The Works of the Rev. Jonathan Swift/Volume 5/Intelligencer Number 1
IT may be said, without offence to other cities of much greater consequence to the world, that our town of Dublin does not want its due proportion of folly and vice, both native and imported; and as to those imported, we have the advantage to receive them last, and consequently, after our happy manner, to improve and refine upon them.
But because there are many effects of folly and vice among us, whereof some are general, others confined to smaller numbers, and others again perhaps to a few individuals; there is a society lately established, who at great expense have erected an office of intelligence, from which they are to receive weekly information of all important events and singularities, which this famous metropolis can furnish. Strict injunctions are given to have the truest information; in order to which, certain qualified persons are employed to attend upon duty in their several posts; some at the playhouse, others in churches; some at balls, assemblies, coffeehouses, and meetings for quadrille; some at the several courts of justice, both spiritual and temporal; some at the college; some upon my lord mayor and aldermen in their publick affairs; lastly, some to converse with favourite chambermaids, and to frequent those alehouses and brandyshops where the footmen of great families meet in a morning; only the barracks and parliament house are excepted; because we have yet found no enfans perdus bold enough to venture their persons at either.

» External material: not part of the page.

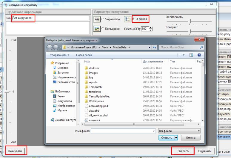 Збереження сканованих документів у Роботі з особовими рахунками:
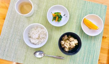 ご飯タンドリーチキン小松菜のごま和えみそ汁…

Out of these and some other storehouses, we hope to gather materials enough to inform, or divert, or correct, or vex the town.

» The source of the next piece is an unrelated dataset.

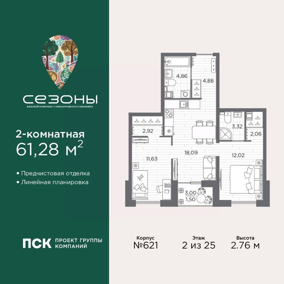 Двухкомнатная квартира с предчистовой отделкой в ЖК "Сезоны" на 2 этаже. Общая площадь: 61.28 кв.м., жилая: 23.65 кв.м., площадь просторной кухни-столовой: 18.09 кв.м. Комнаты изолированные, все окна выходят на одну сторону. В квартире одна лоджия, два совмещенных санузла. Высота потолков 2.76 м.

But as facts, passages, and adventures of all kinds are likely to have the greatest share in our paper, whereof we cannot always answer for the truth; due care shall be taken to have them applied to feigned names, whereby all just offence will be removed; for if none be guilty, none will have cause to blush or be angry; if otherwise, then the guilty person is safe for the future upon his present amendment, and safe for the present from all but his own conscience.
There is another resolution taken among us, which I fear will give a greater and more general discontent, and is of so singular a nature that I have hardly confidence enough to mention it, although it be absolutely necessary by way of apology for so bold and unpopular an attempt. But so it is, that we have taken a desperate counsel, to produce into the world every distinguished action either of justice, prudence, generosity, charity, friendship, or publick spirit, which comes well attested to us. And although we shall neither here be so daring as to assign names, yet we shall hardly forbear to give some hints, that perhaps to the great displeasure of such deserving persons, may endanger a discovery. For we think that even virtue itself should submit to such a mortification, as by its visibility and example will render it more useful to the world. But however, the readers of these papers need not be in pain of being overcharged with so dull and ungrateful a subject. And yet who knows, but such an occasion may be offered to us once in a year or two, after we have settled a correspondence round the kingdom.

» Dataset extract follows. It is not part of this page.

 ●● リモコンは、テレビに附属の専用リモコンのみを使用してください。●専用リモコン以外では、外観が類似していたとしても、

But, after all our boast of materials sent us by our several emissaries, we may probably soon fall short, if the town will not be pleased to lend us farther asistance toward entertaining itself. The world best knows its own faults and virtues, and whatever is sent shall be faithfully returned back, only a little embellished according to the custom of authors. We do therefore demand and expect continual advertisements in great numbers to be sent to the printer of this paper, who has employed a judicious secretary, to collect such as may be most useful for the publick.
And although we do not intend to expose our own persons by mentioning names, yet we are so far from requiring the same caution in our correspondents, that, on the contrary, we expressly charge and command them, in all the facts they send us, to set down the names, titles, and places of abode at length; together with a very particular description of the persons, dresses, dispositions of the several lords, ladies, 'squires, madams, lawyers, gamesters, toupees, sots, wits, rakes, and informers, whom they shall have occasion to mention; otherwise it will not be possible for us to adjust our style to the different qualities and capacities of the persons concerned, and treat them with the respect, or familiarity, that may be due to their stations and characters, which we are determined to observe with the utmost strictness, that none may have cause to complain.